この生成された「詳細ページ」はリンク先の2chまとめサイトが削除されても、連動して削除されることは無いようで、当ブログ【いわゆる「2ちゃんねるまとめサイト」への削除依頼の方法について。】で書いた方法で元の記事が削除された後にも、ネット上に存在し続けました。
また、「2chまとめアンテナサイト」というのは、各2chまとめサイトの記事情報を収集、表示するシステムさえ完成させてしまえば、後は勝手に動き続けるという性質を持っているようで、おそらく制作も容易で、運営についてもほとんど自動化されているものと思われます。
そういった理由から「実質的な管理者が不在のまま、ただひたすらに2chまとめサイトの記事を収集しページを生成し続けるサイト」というものも多く存在し、そういったサイト群にも「詳細ページ」を生成されてしまいました。

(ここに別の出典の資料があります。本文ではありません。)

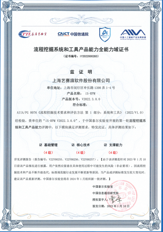 2022年9月,中国信通院启动了流程挖掘首轮评测工作,评测项目包括管理能力、技术能力、支撑能力三大方向。艺赛旗流程挖掘产品顺利完成了全部的测试项目,成为国内流程挖掘行业首批获得流程挖掘全能力域证书的企业。充分验证了艺赛旗机器人流程挖掘产品iS-RPM在流程挖掘领域的先进性、成熟度和安全性。

記事の1のレスには私の実名と、「芸能人を脅迫した」という内容が書かれているため、私の実名で検索をかけると「名誉毀損情報が転載された詳細ページ」がヒットしまくる、という状況が生まれてしまいました。
3 「2chまとめアンテナサイト」への削除依頼の方法について
まず、わたしが一番初めに行ったのは、このブログの【いわゆる「2ちゃんねるまとめサイト」への削除依頼の方法について。】で書いた
「ウェブサイト内の情報の中から、サイト管理者への連絡方法、連絡先を探し、そこに削除依頼を出す」
という方法です。
この方法はもっとも簡単で手軽な方法だと思いますので、もし同じような状況に陥ってしまった場合には試してみると良いと思います。

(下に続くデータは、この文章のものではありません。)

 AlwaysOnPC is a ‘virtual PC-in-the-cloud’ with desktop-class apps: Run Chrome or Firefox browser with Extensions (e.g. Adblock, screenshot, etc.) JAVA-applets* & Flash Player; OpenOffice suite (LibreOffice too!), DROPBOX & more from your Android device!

しっかりと管理されているサイトであれば、この方法で削除に応じてくれるかもしれません。
それでも削除されない場合には
「対象のサイトが利用している、サーバーの管理会社に対して報告、報告内容を対象のサイトの管理者へ転送してもらう」
という方法があります。
対象のサイトが、どこの会社のサーバーを使用しているか、「aguse」「whois」等のサイトのサービスを利用する事で、自分で簡単に調べることが出来ます。
私は主に「aguse」を使って調べました。
実際に使ってみると「aguse」の方が一度に表示される情報量も多く、わかりやすいと感じると思います。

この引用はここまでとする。